Dataset excerpts:
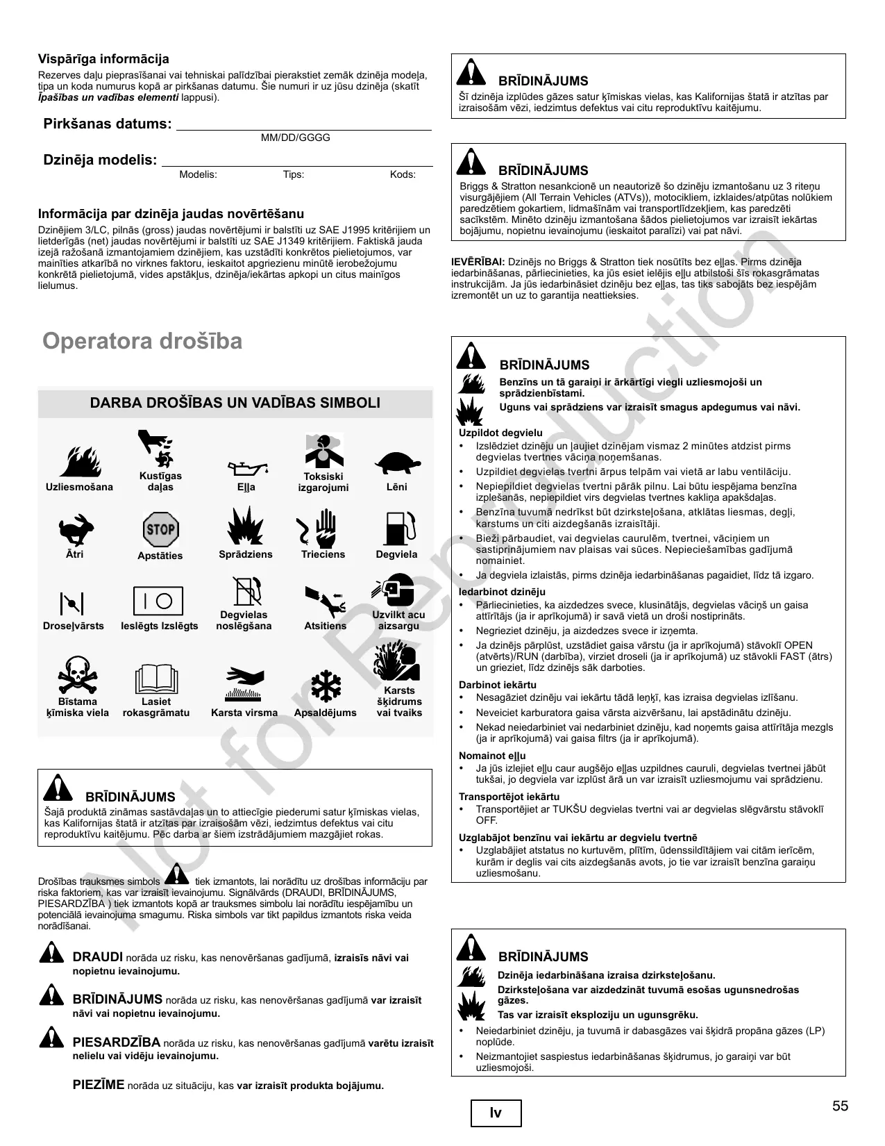 LIETOŠANAS INSTRUKCIJA BRIGGS & STRATTON 583447 BRIGGS & STRATTON
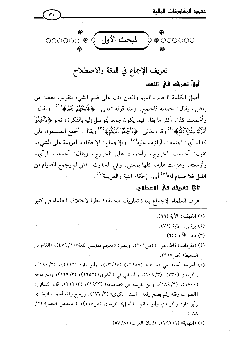 المبحث الأول: تعريف الإجماع في اللغة والاصطلاح
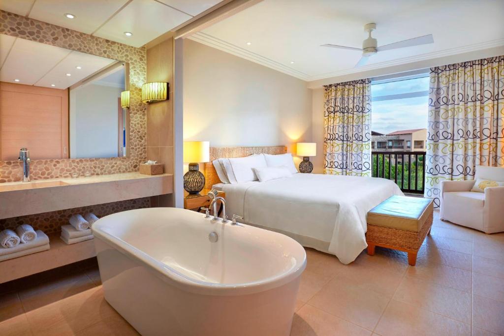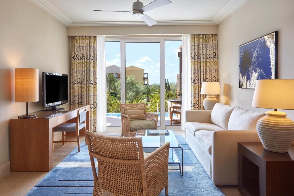 Westin Resort se află in Messinia, intr-o locație idilică pe malul mării, și oferă un centru spa de hidroterapie, un teren de golf și 123 de piscine infinite private. Pune la dispoziție camere elegante cu TV cu ecran plat.
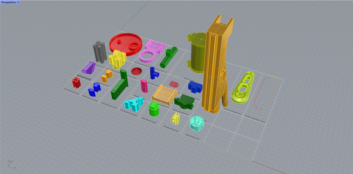 Eine Sammlung von 3D-gedruckten Teilen und Aluminiumprofilen, die die Teilnehmer mitbrachten, erleichterte den Einstieg in die Aufgabe. Diese kleine Sammlung von Bauteilen wurde im Laufe des Semesters von den Studierenden erweitert.
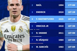 體育資訊9月24日訊 在本輪西甲皇馬4-1擊敗萊萬特的比賽中,馬斯坦托諾破門,成為隊史西甲破門第四年輕的球員,以下為具體榜單:
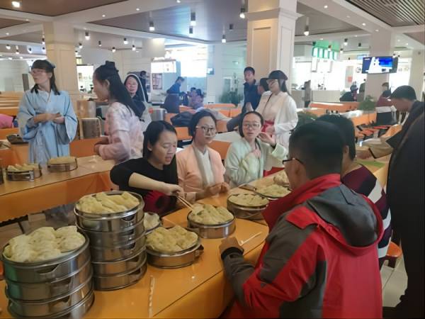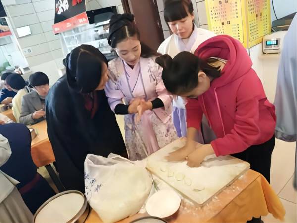 材料用具准备好之后,包饺子活动就正式开始了。现场同学充满期待,对学习饺子的做法保持着高度积极性,在亲身实践中得到长足的提升与进步。在汉服文化社带动下,大家齐心协力,体会着劳动的乐趣。通过大家的集体努力,一碗碗热气腾腾的饺子在期待中被端上了餐桌,吃着自己包的香喷喷的饺子,感受着集体的温暖,每个人的脸上都洋溢着幸福的笑容。
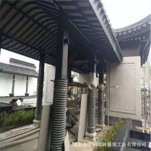 1、采用鋁合金斗拱后置倒掛安裝技術。解決了傳統(tǒng)鋁合金斗拱安裝工藝 復雜、工期長的缺點,使鋁合金斗拱由受力構件變?yōu)檠b飾構件。

• WHAT YOU SHOULD DO: Repeat exactly the lines from the start of the entries down to the line with "Westin Resort se", keeping both ends but none of the pictures.

• RESPONSE BOX:
 LIETOŠANAS INSTRUKCIJA BRIGGS & STRATTON 583447 BRIGGS & STRATTON
 المبحث الأول: تعريف الإجماع في اللغة والاصطلاح
 Westin Resort se află in Messinia, intr-o locație idilică pe malul mării, și oferă un centru spa de hidroterapie, un teren de golf și 123 de piscine infinite private. Pune la dispoziție camere elegante cu TV cu ecran plat.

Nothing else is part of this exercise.